Friday, June 5, 2009

More about the Jewish connection.

I wrote about Tante Betsy's harrowing period in hiding and her return to active life after the war. The family had a lot of respect for her. But my recollections of her are not strong. I know that I was raised to respect and identify with the Jews and that my life has been intertwined with Jewish faith, culture and people. My two husbands were Jewish and I lived within the Jewish cultural and community life. How is it that I'm most comfortable in that world and most uncomfortable in the Christian Protestant world that I was born and raised in? It can't be Tante Betsy's influence, I hardly knew her.

Yet, she left a deep imprint on my mother and father. My parents were deeply affected by her plight and felt profoundly guilty about sending her to Arnhem. It must have been traumatic and they believed they failed her. Of course they did the best they could, and my father found her a safe house, and she survived. She never blamed them, but they blamed themselves.

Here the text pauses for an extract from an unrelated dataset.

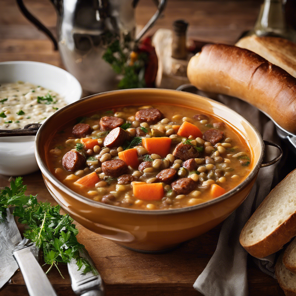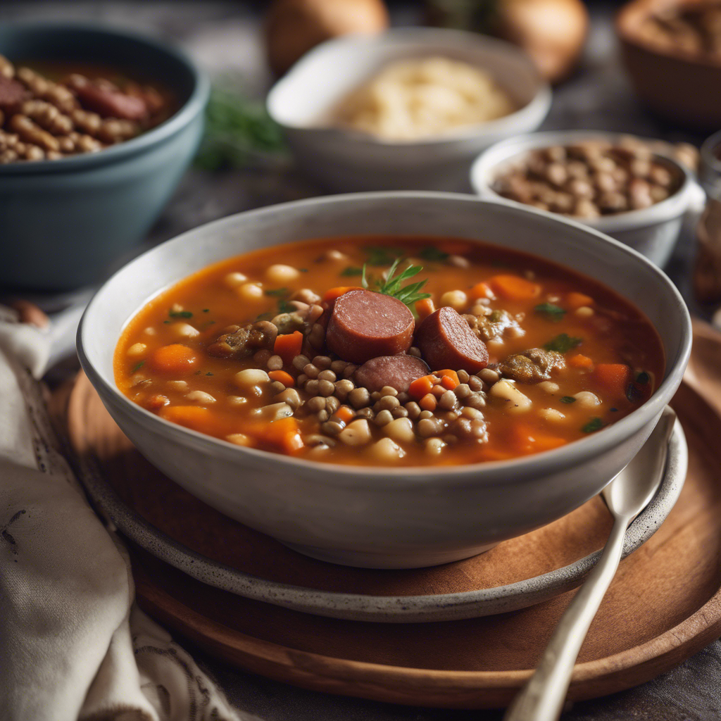 Sausage and Lentil Soup is a hearty and flavorful dish with a rich history. This comforting soup has its roots in Italian and French cuisine, where it has been a staple for centuries. The combination of savory sausage, earthy lentils, and aromatic herbs creates a satisfying and nourishing meal. In Italy, this soup is known as "Zuppa di Lenticchie e Salsiccia," and it is often enjoyed during the winter months. Italian chefs take pride in using high-quality sausages, such as spicy Italian sausage or sweet fennel sausage, to infuse the soup with robust flavors. The addition of tomatoes, garlic, and fresh herbs like rosemary and thyme adds depth to the dish. In France, the soup is called "Soupe aux Lentilles et Saucisse," and it is a beloved comfort food in regions like Auvergne and Toulouse. French chefs often use Toulouse sausage, a coarsely ground pork sausage seasoned with wine and spices, to lend a unique taste to the soup. The French version may also include mirepoix (a mix of onions, carrots, and celery) for added complexity. Today, Sausage and Lentil Soup can be found on the menus of Italian and French restaurants around the world. However, some of the best versions of this dish can be savored in traditional trattorias in Italy or cozy bistros in France, where skilled chefs prepare the soup with time-honored techniques and authentic ingredients. To make a standout Sausage and Lentil Soup at home, it's crucial to select high-quality sausages and lentils. The type of sausage used, whether it's spicy, mild, or herb-infused, can significantly impact the flavor profile of the soup. Additionally, choosing the right variety of lentils, such as French green lentils or Italian brown lentils, can enhance the texture and taste of the dish. For a unique twist on the classic recipe, some chefs recommend adding a splash of balsamic vinegar or a drizzle of extra virgin olive oil before serving to elevate the flavors. Whether enjoyed as a starter or a main course, Sausage and Lentil Soup continues to be a beloved and timeless dish that warms the soul with every spoonful.

Did those complex feelings get transferred to me, or was it Tante Ina's remorse and guilt for not being able to protect her Jewish students? It has been and always will be part of me. I am a spiritual Jew. My child is Jew-ish, and her father, the love of my life, was Jewish.

He asked me, when Maya was born, why I had registered her as Jewish? Without hesitation I replied, I'm giving one back. He was very touched, but he had no idea how significant that statement was. Looking at it now, it is evident that, given those formative experiences and the emotion associated with them, I had no other choice.

Such is the power of collective family emotion.